Coming back to our question: Is bitcoin centralized? There is no single entity controlling it but the difficulty of mining bitcoins has pushed many people out of the market, leaving behind a group of entities to take control of the network.

Despite this, economic theory still prevails. Every 210,000 blocks (roughly every four years), Bitcoin experiences a halving where the mining reward is cut in half. This is essentially deflationary (the opposite of our current monetary system). In order for large miners to stay active the price must increase to offset the lower mining reward to pay for their expenses. This creates new opportunities for new miners to enter the market. 

Regardless, all miners have incentive to keep the network growing to make their investment in time and money worthwhile. With the creator Satoshi Nakamoto still unknown, Bitcoin could be the most decentralized network to ever exist.

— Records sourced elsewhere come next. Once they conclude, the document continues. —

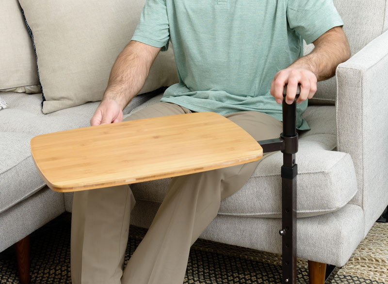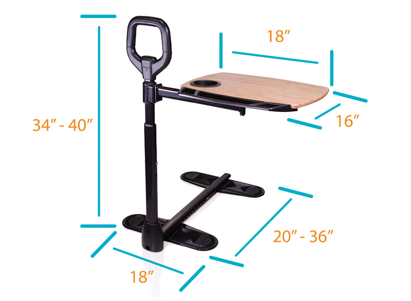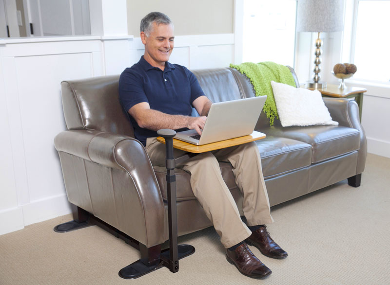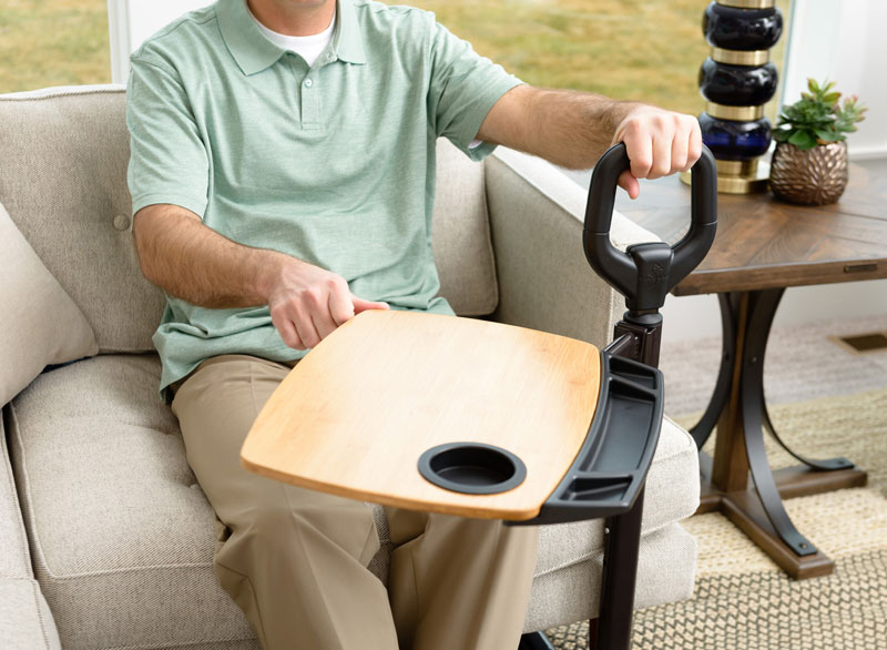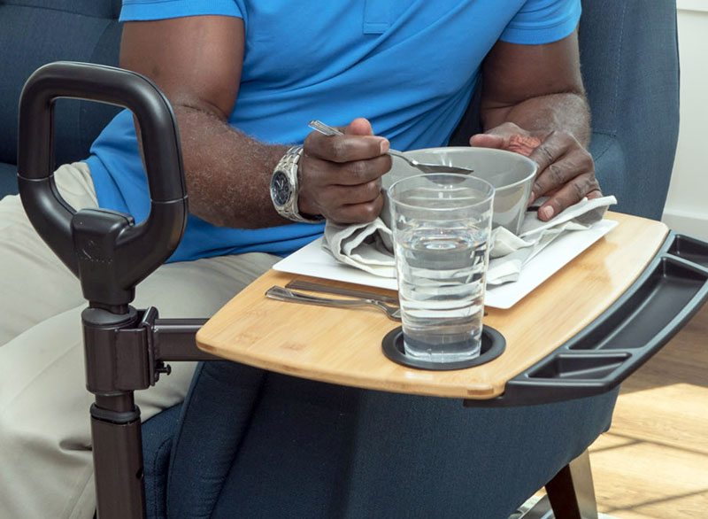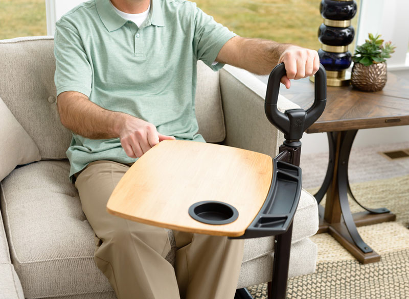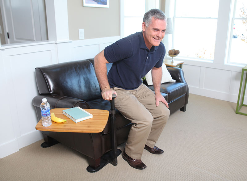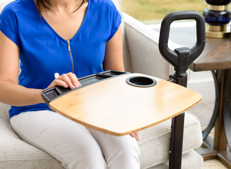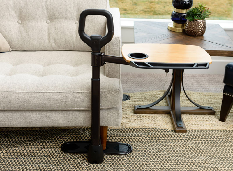 The Omni Tray is a couch-side handle and TV tray that makes it easy to stand from your favorite couch or chair. It comes with a convenient multi-use swivel tray so you can eat, surf the web, and even work from home from your own personal workstation. And like all of our products, it blends in with your living room like another piece of furniture so you can maintain the comforting feeling of your home.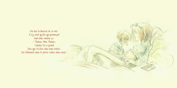 C’est avec beaucoup de tendresse et de douceur que l’autrice Martine Arpin parle de la mort mais surtout du manque que l’on peut éprouver lors d’une perte d’une personne proche. L’émotion est d’autant plus fort qu’elle se place au niveau de l’enfant. Dans les albums abordant ce thème, on parle souvent de la perte d’un grand-parent, d’un animal, mais je crois bien que c’est le premier que je lis parlant de la perte d’un parent (et donc ici d’une mère). Je trouve ça bien d’aborder aussi ce thème de cette façon, qui apportera sans nul doute un soutien, une réponse pour l’enfant dans cette situation.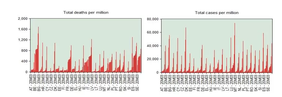 Following the examination of the number of deaths per million inhabitants, it can be seen that the most affected Member States in the EU, at the end of 2020, were Belgium (1685 deaths per 1 million inhabitants), Slovenia (1297 deaths per 1 million inhabitants) and Italy (1277 deaths per 1 million inhabitants), which are also ranked in the top seven countries globally from the point of view of this indicator, according to the data provided by Worldometers. This confirms the challenges that these countries have faced, especially those that have resulted from hospitals overwhelming.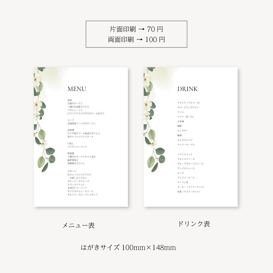 はがきサイズ メニュー表 印刷会社仕上げ ドリンクメニュー ナチュラル ウェディング 送料無料Wedding *momo-noha。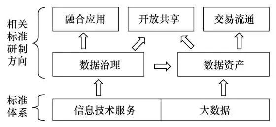 数据资产标准化的研究主要源于信息技术(information technology,IT)服务和大数据2个标准体系。信息技术服务标准工作组在IT服务管理、IT治理等基础上开展了数据治理相关标准研究,大数据标准工作组在大数据参考架构、大数据技术、产品等标准的基础上推进了数据交易流通、数据开放共享标准的制定。近年来信息技术服务和大数据2个标准体系在数据治理与数据资产方向的标准化研究逐渐融合。

Benefits of decentralization in crypto

Do we really need a decentralized concept for the governance of money or anything else for that matter? Let’s list some benefits of decentralization.

  • Security – The financial world is built on centralized systems that have one single point of failure. Companies generally have back up data centers located around the world to keep their services running in case something happens. But if they are targeted, these services can be crippled. This is not the case with decentralized blockchains. The data on the blockchains are stored on thousands of computers (nodes) connected to the blockchain network. If a person has to hack the blockchain, he has to hack all the computers on the network. While this is theoretically possible, the end result does not offer any benefits at all to the hacker.
  • Decentralization also comes with decentralized services that may benefit the masses. It creates services that offer cheaper and faster services to people who may not have used such services from the current financial system. Think of the DeFi movement. Services such as trading, lending, borrowing, and insurance among others are being automated. The elimination of intermediaries will lead to cheaper and faster services. Think about the struggle people go through when they want to send money from one country to another. The transactions take days to go through, and that’s not even the bad part. People have to pay a lot of money in service fees for these transactions to happen. With cryptocurrencies, two people can directly send each other money without using a bank.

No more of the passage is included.